------ Input ------
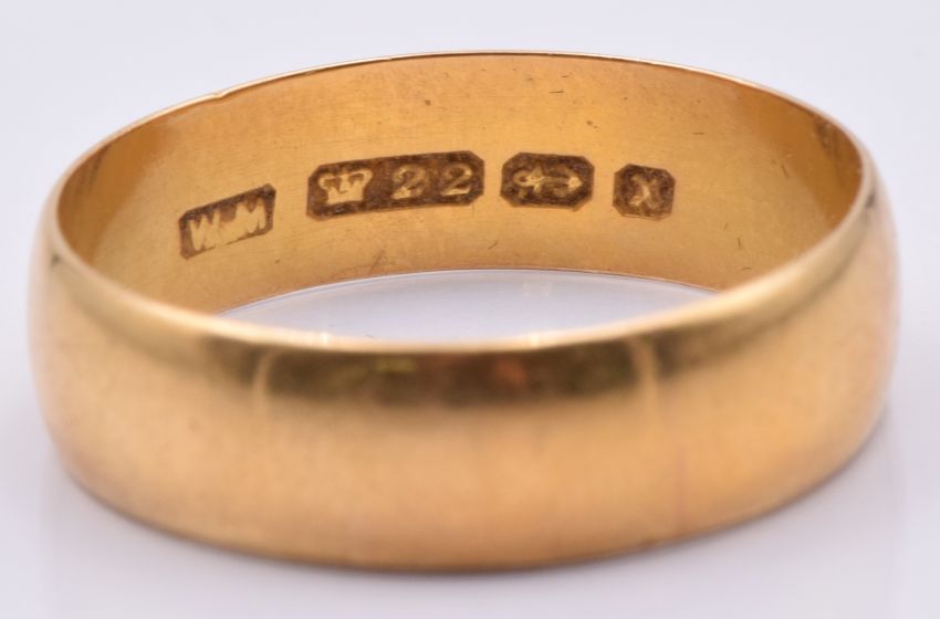 A 22ct gold wedding band/ ring, Birmingham 1897, 5.5g, size W/X
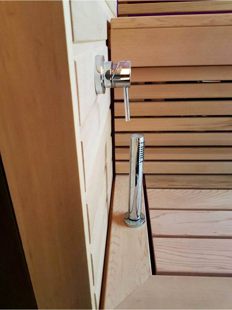Pod ławkami znajduje się grzałka elektryczna EOS Bi-O Mat U ze zintegrowaną wytwornicą pary. Jest to solidny, trwały, wąski grzejnik, wykonany w całości ze stali nierdzewnej.
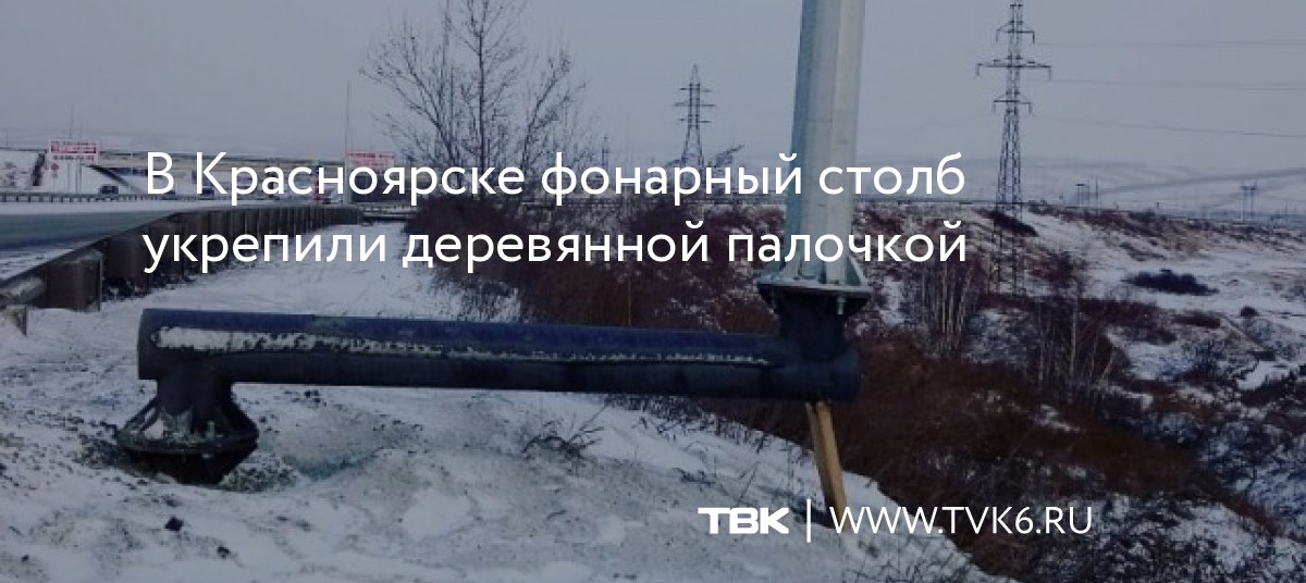 В Красноярске фонарный столб укрепили деревянной палочкой
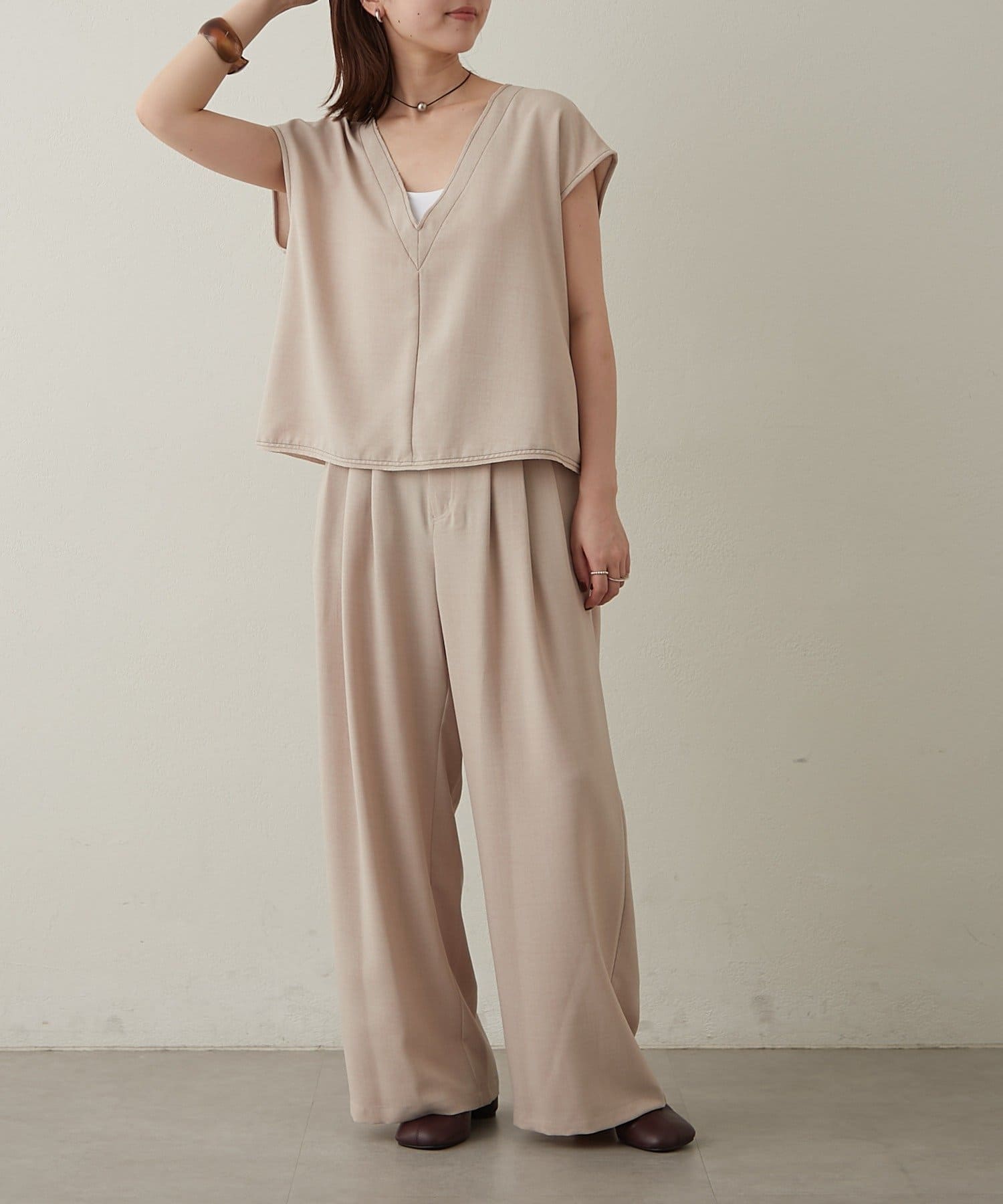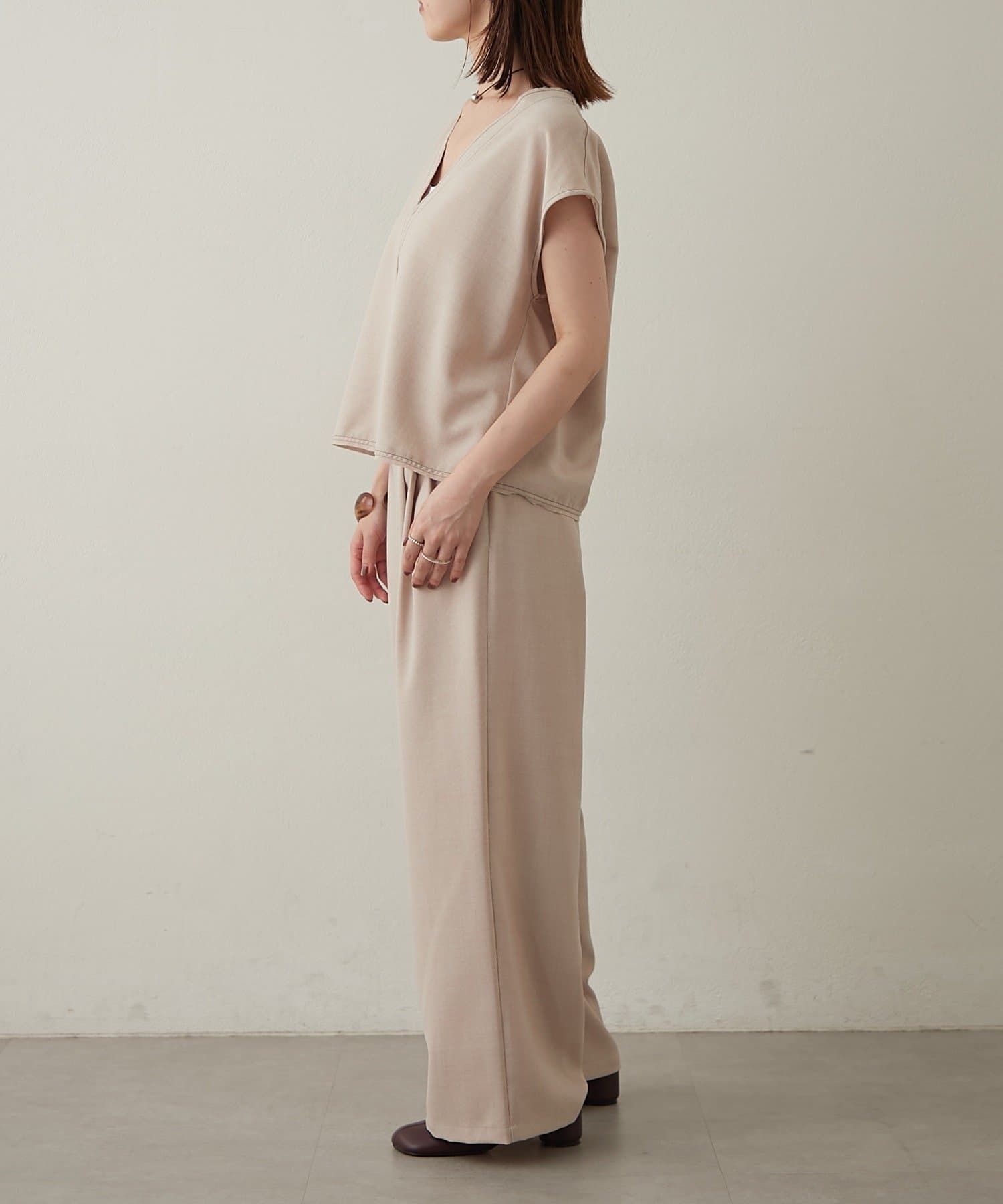 ・同素材のタンブラーオックスタックパンツとセットアップで着用いただけます。
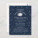 Design de Reunião Escolar, seja para Segundo grau ou pode ser alterado para o Elegante Universitário, estilo clássico. Fundo azul-noturno com estrelas. Elemento e cotação de gradação incluídos. Por favor, personalize os detalhes da celebração. Todo o texto é editável, para que possa ser facilmente alterado para um convite ou anúncio para um evento de graduação.
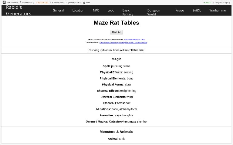 Maze Rat Tables Perchance Org
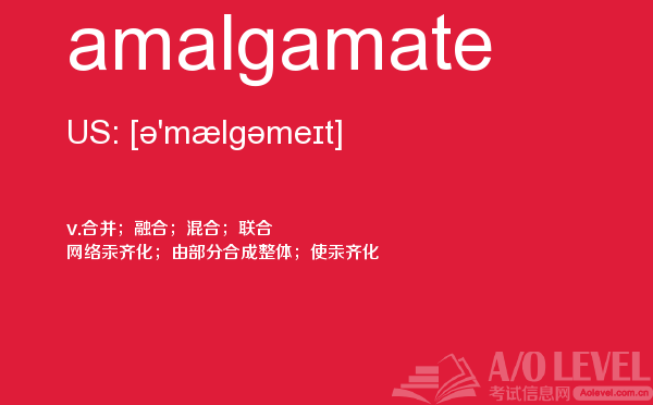 英国a-level考试是英国留学生去英国留学需要参加的考试,很多考生担心a-level考试分数要求高,英国a-level考试难度大,别担心,只要认真的学习a-level考试内容,小编相信大家一定能够考得a-level高分。今天a/o-level考试网给大家带来单词amalgamate的全面解析。如果您想了解中国alevel成绩申请国外名校,alevel数学名词,英国alevel成绩只有c,alevel申请条件等关于a-level考试的相关资讯,请继续浏览并关注课窝a/o-level考试网。
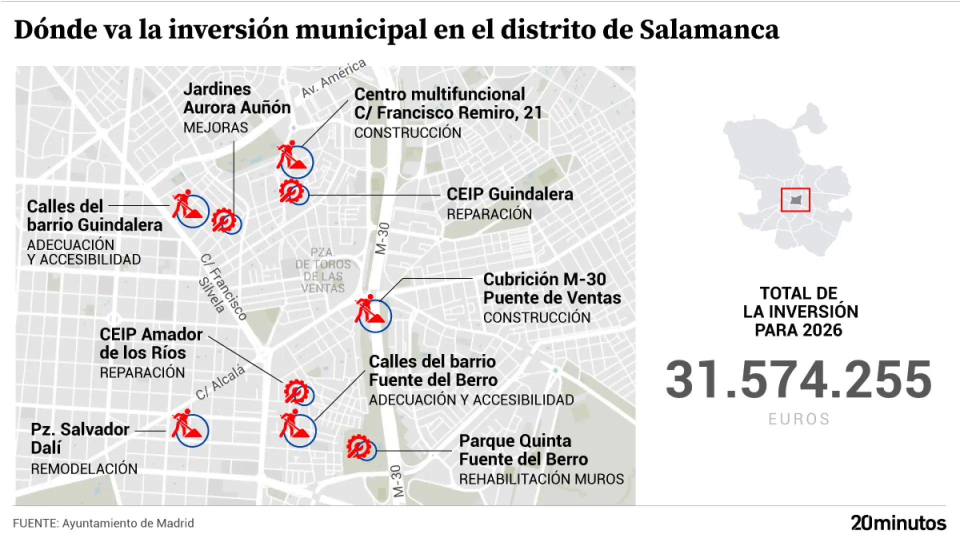 Reforma en calles y colegio de Guindalera, el centro en Francisco Remiro y parque Fuente del Berro: la inversión en Salamanca en 2026 28 feb 2026, 8:12 ... Redirecting to full article...
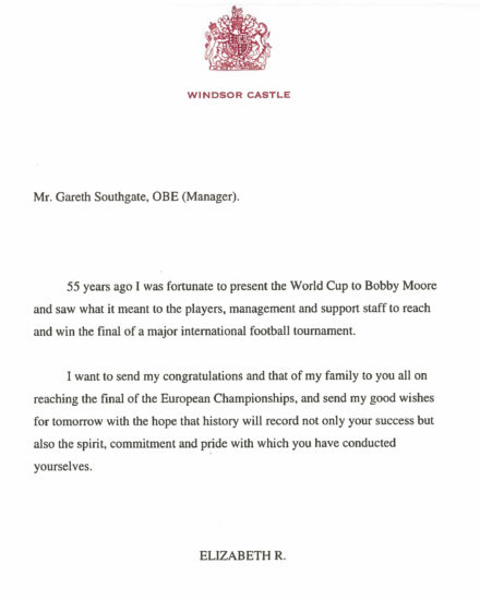 Mbretëresha Elisabet II ka dashur t’i dërgojë një mesazh personalisht trajnerit të Anglisë, Gereth Southgejt, në prag të finales së Euro 2020 ndaj Italisë. Në këtë mesazh shumë special për trajnerin anglez, ajo shkruan:
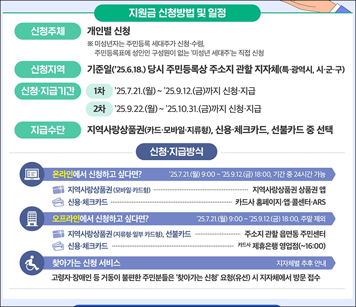 신청은 2025년 7월 21일부터 시작되며, 온라인(카드사 홈페이지, 정부 24 등) 또는 오프라인(주소지 관할 주민센터)으로 편리하게 신청할 수 있습니다.
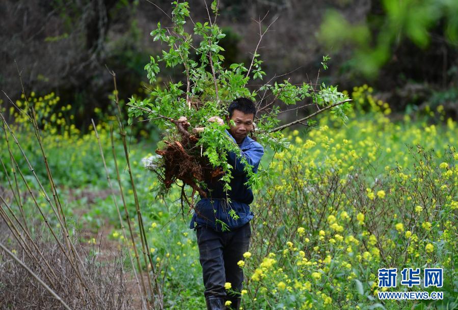 在广西柳州市融安县东起乡崖脚村铜板屯,村民龙革雄扛着树苗上山种植李树(3月7日摄)。新华社记者 黄孝邦 摄
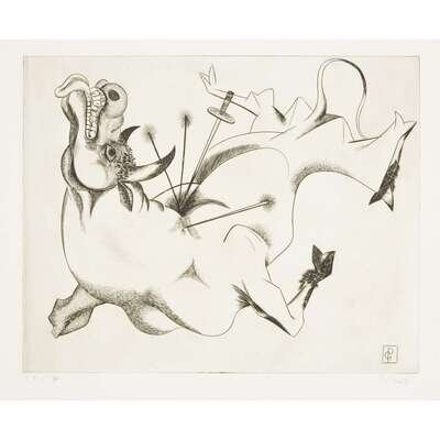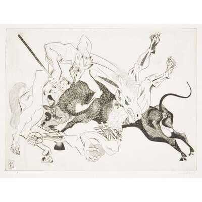GABOR F. PETERDI (AMERICAN, 1915-2001) "BLACK BULL"THE COMPLETE PORTFOLIO OF SEVEN PRINTS
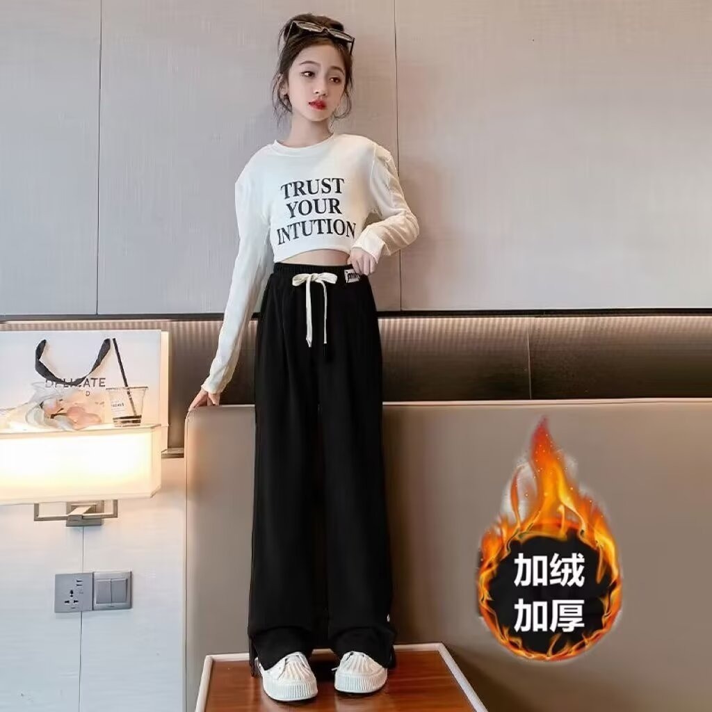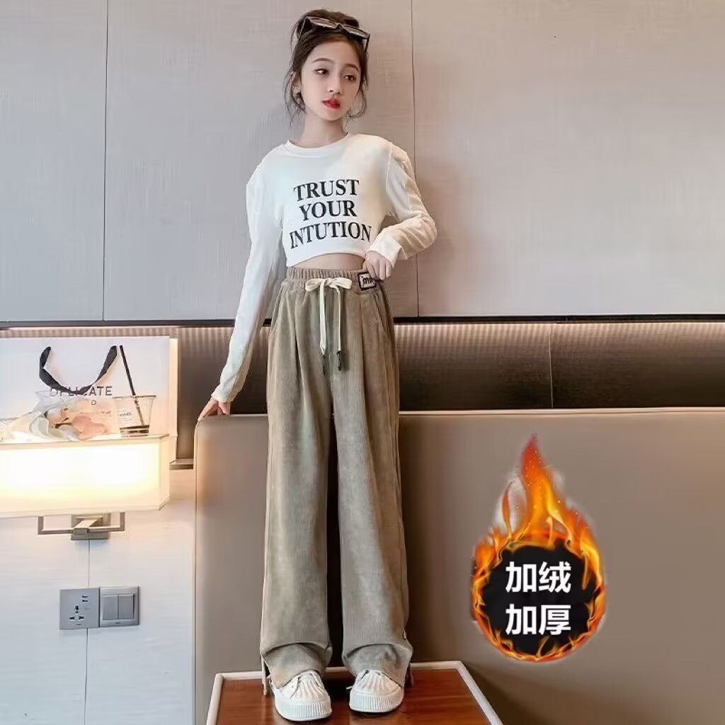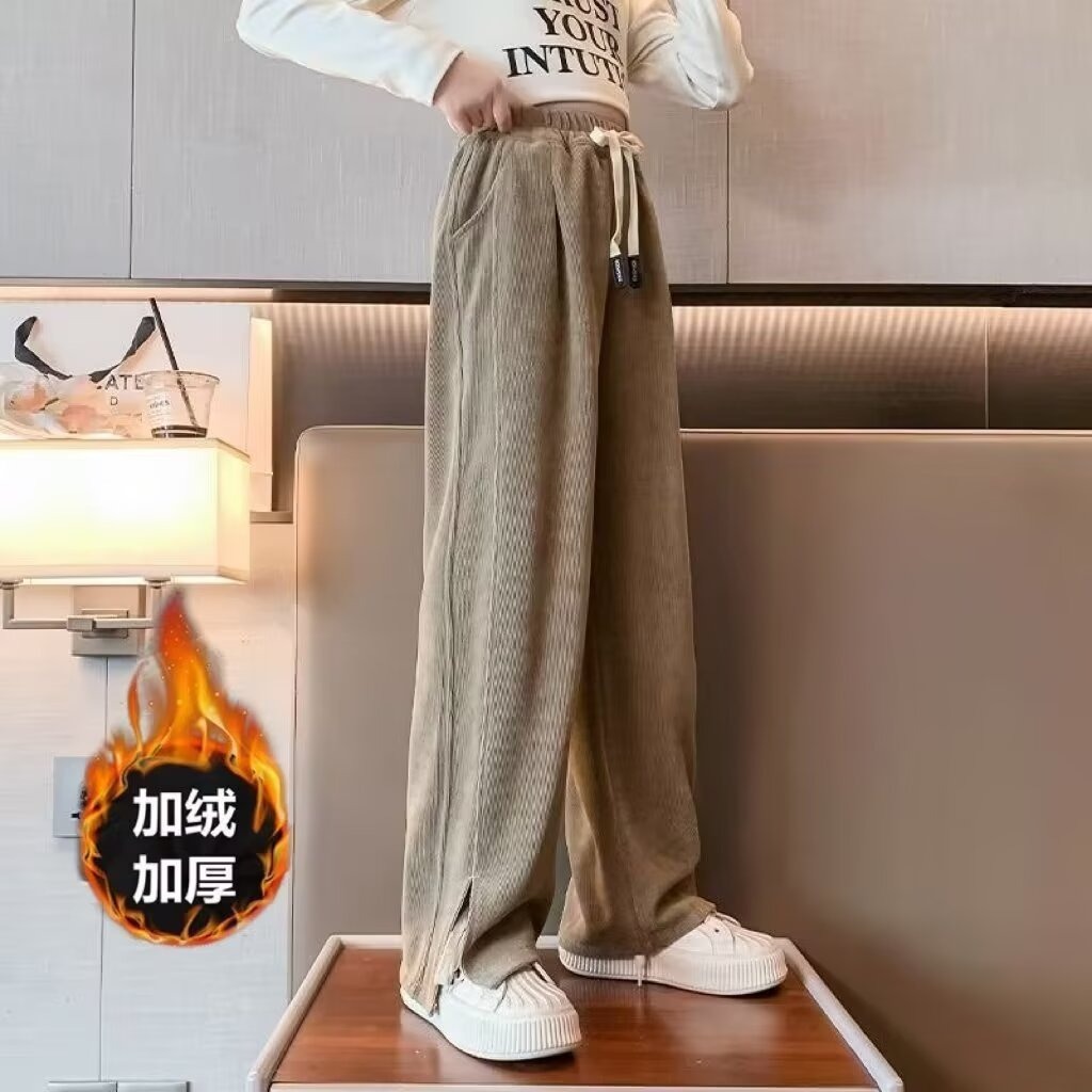 소녀 기모 바지 가을 겨울 2024 새로운 대형 어린이 통합 양털 와이드 다리 바지 어린이 겨울 분할 스트레이트 바지스토어 가기
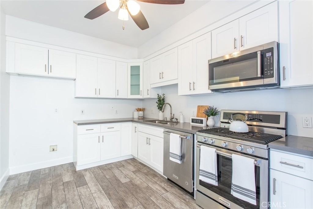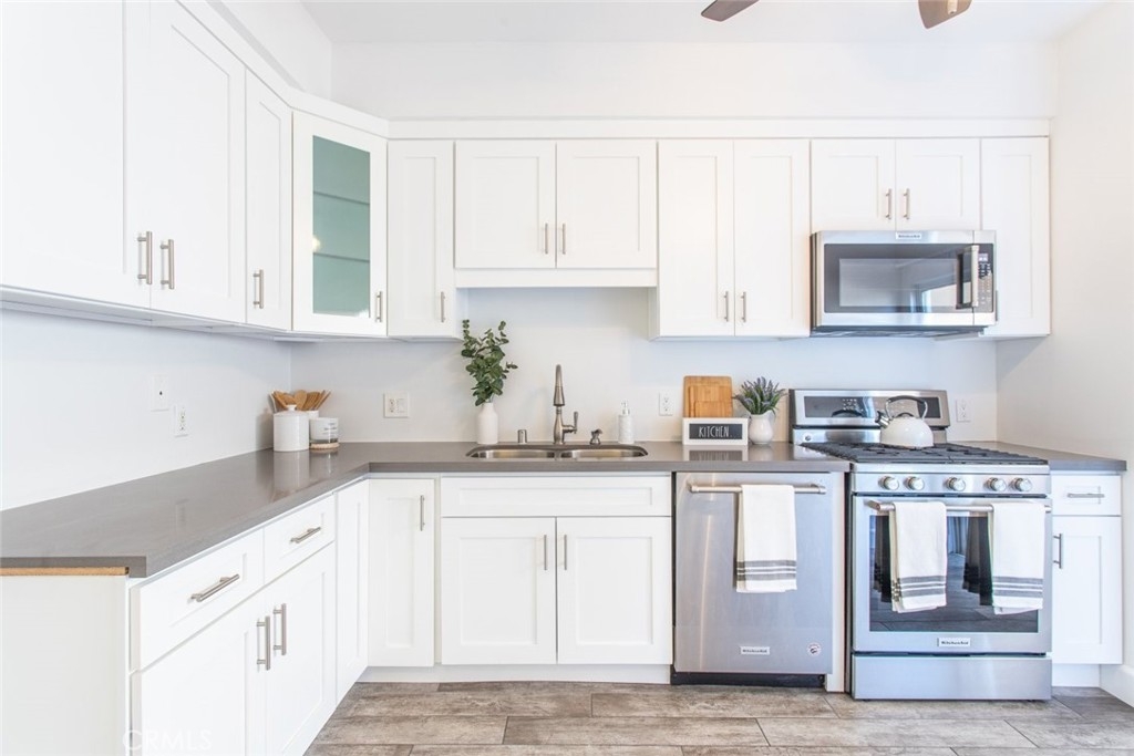 Residing within a quiet, well-maintained community in Valley Glen is a lovely 2-bedroom, 2-bathroom condo! This fully remodeled 1,020-sqft abode is newly painted and includes double pane windows throughout. Inside is a spacious living room with adjoining dining room complete with trendy gray tone tile floors and a large picture window with views of the neighborhood. The nice sized kitchen includes crisp white cabinets, grey tone countertops, and built-in stainless-steel appliances. Both bedrooms include large window coverage to fill each space with warming natural light and built-in closets fitted with mirrored sliding doors. Units are provided with convenient subterranean tandem parking secured in the community parking garage just below the unit. As part of an HOA, the monthly fee covers the cost of water, sewer, trash, intercom system, janitorial services, and common area maintenance. Only minutes away from NOHO West, Trader Joes, Ventura Blvd’s restaurants, shopping, entertainment, and more! Also, in close proximity to nearby schools, parks, markets, and close to major freeways!
------
- Aim of the task: All of the data above needs to be retyped exactly, with the pictures removed.

- Response below:
 A 22ct gold wedding band/ ring, Birmingham 1897, 5.5g, size W/X
Pod ławkami znajduje się grzałka elektryczna EOS Bi-O Mat U ze zintegrowaną wytwornicą pary. Jest to solidny, trwały, wąski grzejnik, wykonany w całości ze stali nierdzewnej.
 В Красноярске фонарный столб укрепили деревянной палочкой
 ・同素材のタンブラーオックスタックパンツとセットアップで着用いただけます。
 Design de Reunião Escolar, seja para Segundo grau ou pode ser alterado para o Elegante Universitário, estilo clássico. Fundo azul-noturno com estrelas. Elemento e cotação de gradação incluídos. Por favor, personalize os detalhes da celebração. Todo o texto é editável, para que possa ser facilmente alterado para um convite ou anúncio para um evento de graduação.
 Maze Rat Tables Perchance Org
 英国a-level考试是英国留学生去英国留学需要参加的考试,很多考生担心a-level考试分数要求高,英国a-level考试难度大,别担心,只要认真的学习a-level考试内容,小编相信大家一定能够考得a-level高分。今天a/o-level考试网给大家带来单词amalgamate的全面解析。如果您想了解中国alevel成绩申请国外名校,alevel数学名词,英国alevel成绩只有c,alevel申请条件等关于a-level考试的相关资讯,请继续浏览并关注课窝a/o-level考试网。
 Reforma en calles y colegio de Guindalera, el centro en Francisco Remiro y parque Fuente del Berro: la inversión en Salamanca en 2026 28 feb 2026, 8:12 ... Redirecting to full article...
 Mbretëresha Elisabet II ka dashur t’i dërgojë një mesazh personalisht trajnerit të Anglisë, Gereth Southgejt, në prag të finales së Euro 2020 ndaj Italisë. Në këtë mesazh shumë special për trajnerin anglez, ajo shkruan:
 신청은 2025년 7월 21일부터 시작되며, 온라인(카드사 홈페이지, 정부 24 등) 또는 오프라인(주소지 관할 주민센터)으로 편리하게 신청할 수 있습니다.
 在广西柳州市融安县东起乡崖脚村铜板屯,村民龙革雄扛着树苗上山种植李树(3月7日摄)。新华社记者 黄孝邦 摄
GABOR F. PETERDI (AMERICAN, 1915-2001) "BLACK BULL"THE COMPLETE PORTFOLIO OF SEVEN PRINTS
 소녀 기모 바지 가을 겨울 2024 새로운 대형 어린이 통합 양털 와이드 다리 바지 어린이 겨울 분할 스트레이트 바지스토어 가기
 Residing within a quiet, well-maintained community in Valley Glen is a lovely 2-bedroom, 2-bathroom condo! This fully remodeled 1,020-sqft abode is newly painted and includes double pane windows throughout. Inside is a spacious living room with adjoining dining room complete with trendy gray tone tile floors and a large picture window with views of the neighborhood. The nice sized kitchen includes crisp white cabinets, grey tone countertops, and built-in stainless-steel appliances. Both bedrooms include large window coverage to fill each space with warming natural light and built-in closets fitted with mirrored sliding doors. Units are provided with convenient subterranean tandem parking secured in the community parking garage just below the unit. As part of an HOA, the monthly fee covers the cost of water, sewer, trash, intercom system, janitorial services, and common area maintenance. Only minutes away from NOHO West, Trader Joes, Ventura Blvd’s restaurants, shopping, entertainment, and more! Also, in close proximity to nearby schools, parks, markets, and close to major freeways!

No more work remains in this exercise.